User:LukeRobinson/Design study
Contents |
Project
Introduction
I am doing my assignment on my Honors project, which is a program to visualize network data. So far, I have already created quite a bit of the program, although it is not finished.
Background
The goal of the project is to display network logs in a simple way so the people with little training can get an understanding of whats happening in the network. We want to help people both identify possible threats and better understand the normal flow of network usage. The network logs I am using come from a small network Bob Ward takes care of here in Christchurch, he has given us access to anonymized logs, I currently have just over one month of logs, which amount to a few hundred megabytes. Here is an example network packet log:
Time | protocol | size | source ip | source port | destination ip | destination port | packet type |
---|---|---|---|---|---|---|---|
1269687620.676725 | IP | 48 | 192.168.100.6 | 4212 | 192.168.83.37 | 9101 | TCP |
1269687625.489346 | IP | 48 | 192.168.100.6 | 4213 | 192.168.110.12 | 9100 | TCP |
1269687632.684662 | IP | 328 | 192.168.109.26 | 68 | 192.168.99.1 | 67 | UDP |
So basically the program needs to read data from the log files, parse the packet records, and present them to the user by why of the graph as desired.
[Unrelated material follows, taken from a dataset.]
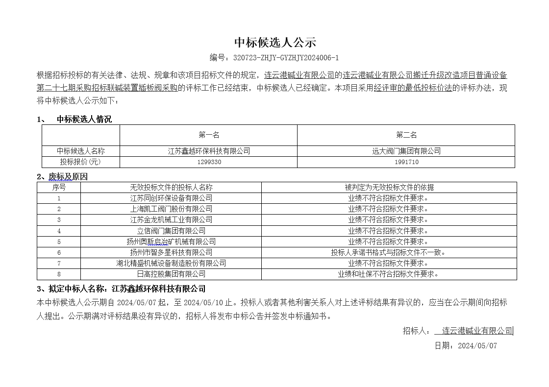 搬遷升級(jí)改造項(xiàng)目普通設(shè)備第二十七期采購招標(biāo)聯(lián)堿裝置插板閥采購中標(biāo)候選人公示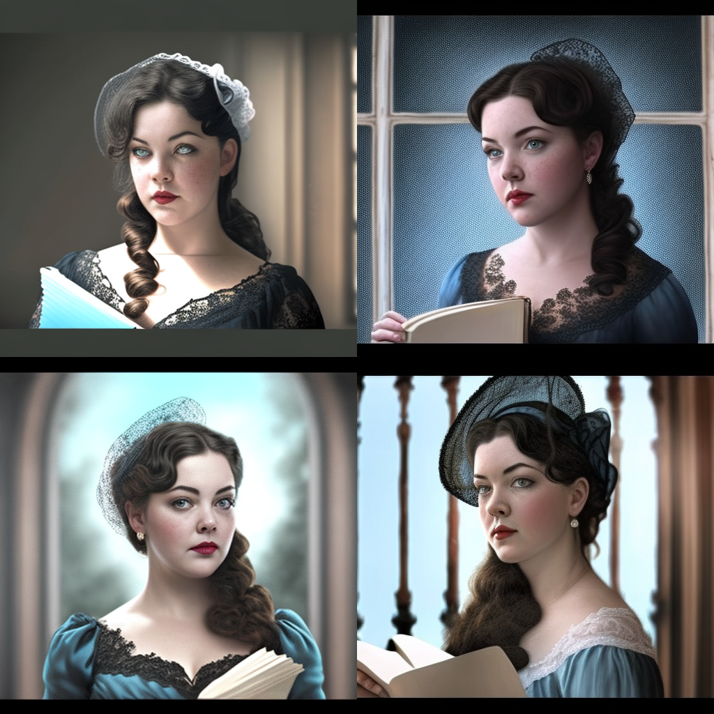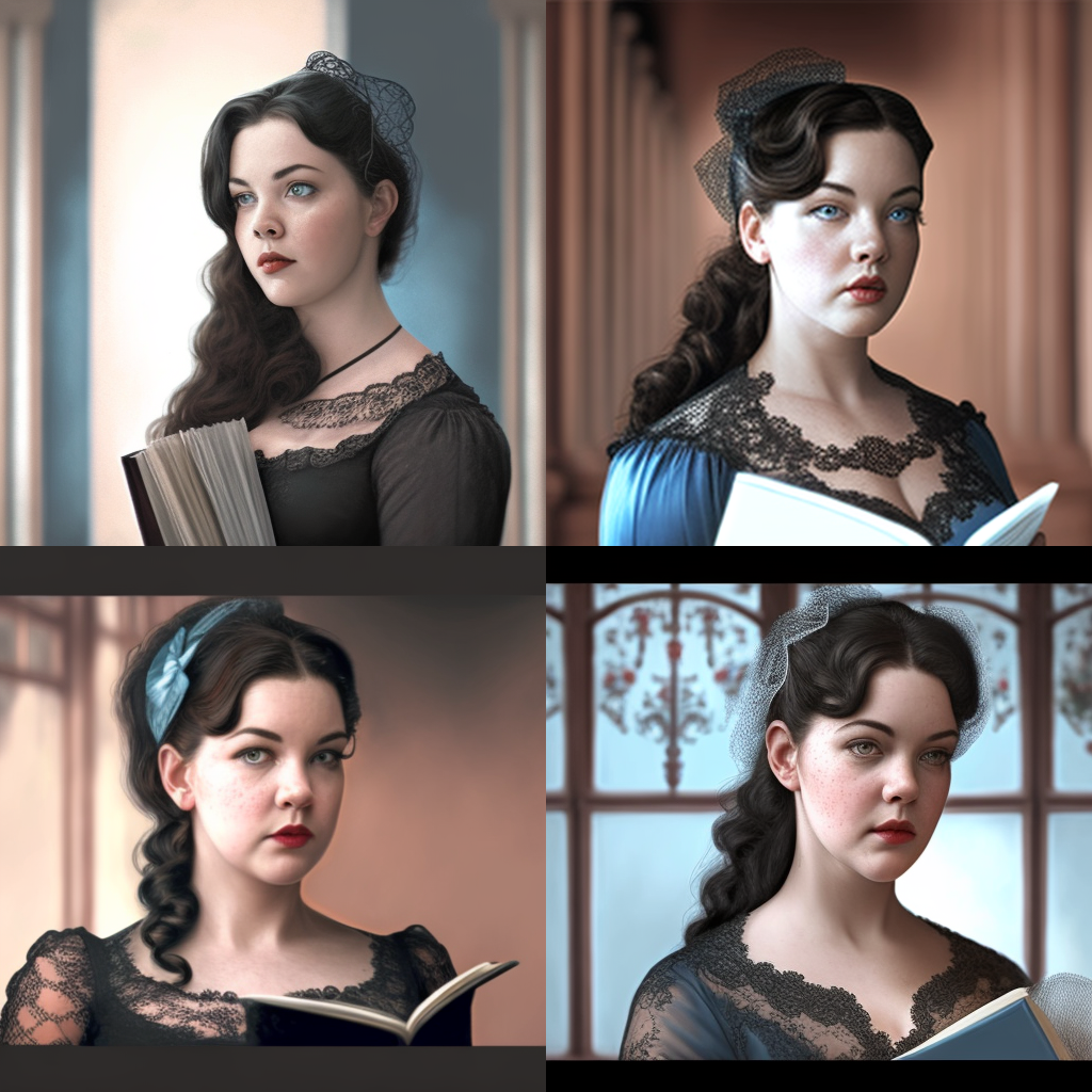 Но я не ищу лёгких путей. Мне интересней попробовать сделать тройку героев из "Неоконченного романа" или "Противоположные берега". Вот тут я немного сломала мозг, как описать героев. Мне не нужно аниме и фентези. Вроде как реализм. Но потом, с пятой попытки добавила слова персонаж книги. Потом он отказывался делать улыбки где надо, а вот где не надо вставлял. Усы, он тоже не понимает, сразу плюсует бородку.

Here is a screen cap to give you an idea of what the program currently looks like.
Design Study
Requirements
There are two major requirements that this program must meet. The first is speed, because the user will need to interact with the interface, this means that it cannot lag while reading or parsing the large log files.
The second is extensibility, the program needs to be extensible in three different ways.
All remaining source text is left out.